Dongyang Zhao, Guoyong Su, Gang Cheng, Pengyu Wang, Wei Chen
Journal of Electronic Imaging, Vol. 34, Issue 01, 013010, (January 2025) https://doi.org/10.1117/1.JEI.34.1.013010
TOPICS: Inspection, Mining, Head, Land mines, Target detection, Detection and tracking algorithms, Feature fusion, Feature extraction, Mathematical optimization, Inspection equipment
Aiming at problems of key target inspection perception caused by harsh factors, such as high dust and fog, uneven illumination, mixed arrangement, and cross-scale variation of personnel-equipment elements in coal mine complex operation scenes, an inspection perception method of coal mining and excavating face based on machine vision is proposed. First, taking the YOLOv5s algorithm as the baseline model, the C3-DRES feature extraction module incorporating the dual attention mechanism and dual residual structure, the cross-layer dense connection and cross-scale connection (CDS-FFN) feature fusion network based on cross-layer dense connection and cross-scale connection, and the task-specific context decoupling head are designed to construct the coal mine complex inspection scene key objective detection network (CMCIS-Net). Second, based on the coal mine complex scene data set, the performance verification experiment of optimization strategies, ablation experiment, and comparison experiment are carried out, and the CMCIS-Net is deployed to the visual perception terminal platform of the inspection robot, to test the detection performance of the inspection robot on equipment and personnel.
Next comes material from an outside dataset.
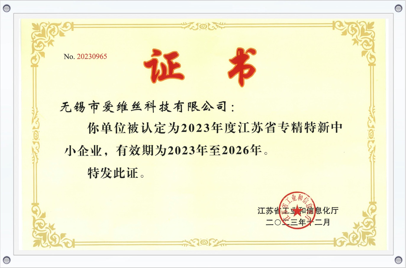 江蘇省專(zhuān)精特新中小企業(yè)證書(shū)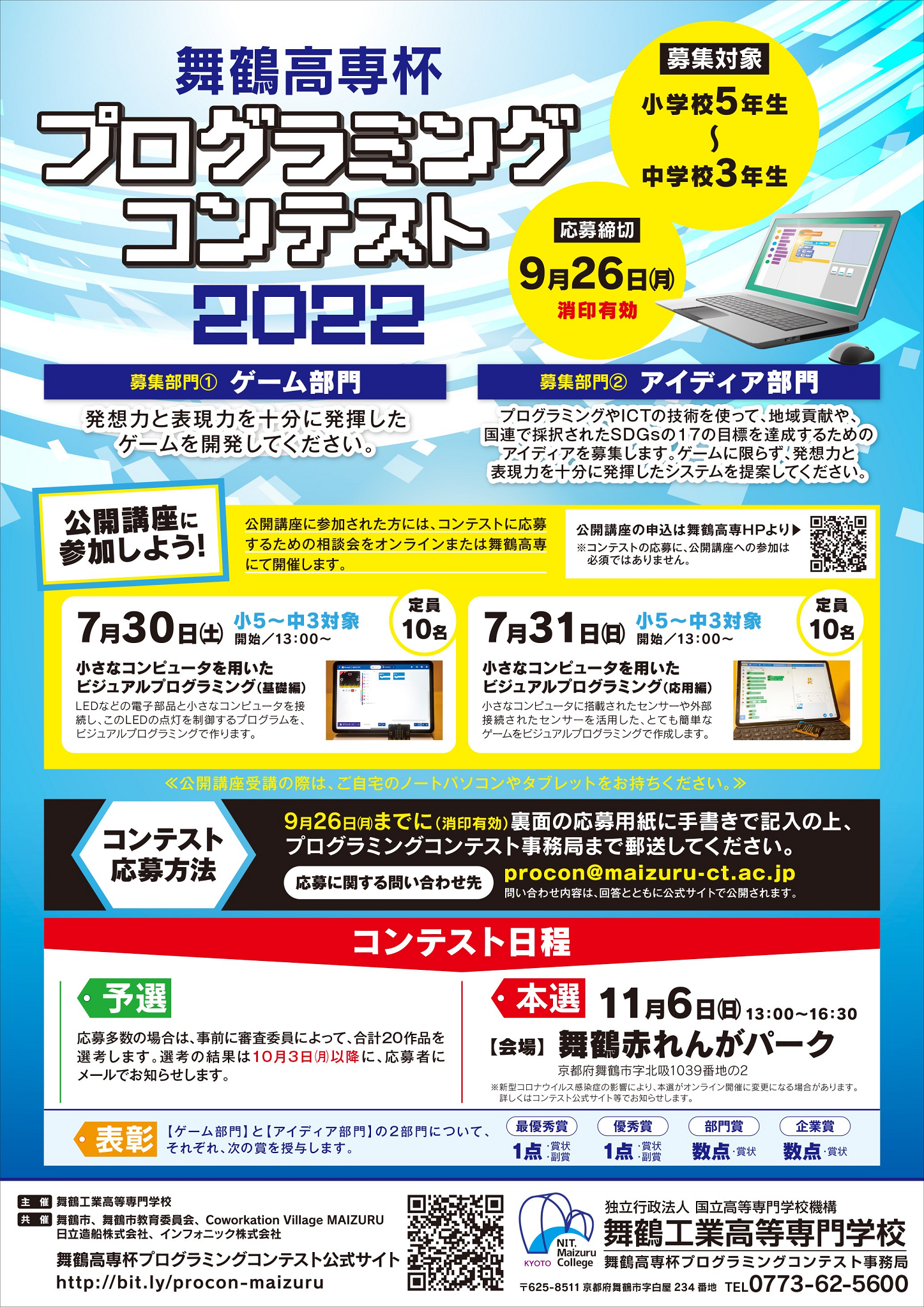 舞鶴工業高等専門学校(京都府舞鶴市 校長:内海康雄 以下「舞鶴高専」)は、主に舞鶴市周辺の小中学生を対象に、プログラミングの普及のために、小中学生の発想力、表現力、技術力および、発信力の向上を目指し、舞鶴市・舞鶴市教育委員会等との共催で、2022年11月6日(日)、舞鶴赤れんがパーク2号棟舞鶴市政記念館にて、「舞鶴高専杯プログラミングコンテスト」を開催いたしました。

The experimental results show that in the complex operation scenes of coal mine, the three optimization strategies of C3-DRES, CDS-FFN, and task-specific context decoupling head effectively improve the target feature region focus and feature information fusion ability of the network and reduce the classification and positioning loss, to increase the detection accuracy of the network by 1.4%, 1.6%, and 1.9%, respectively; the detection accuracy of CMCIS-Net reaches 95.0%, which is 4.9% higher than that of the YOLOv5s algorithm, and compared with the eight mainstream target detection algorithms of SSD–YOLOv9c, CMCIS-Net has the best detection performance; on the vision control board, the real-time detection speed and inference time of CMCIS-Net reach 36.3 frames/s and 26.3 ms, and the detection accuracy of all targets is above 90.0%, which can realize the stable identification and accurate positioning of equipment and personnel.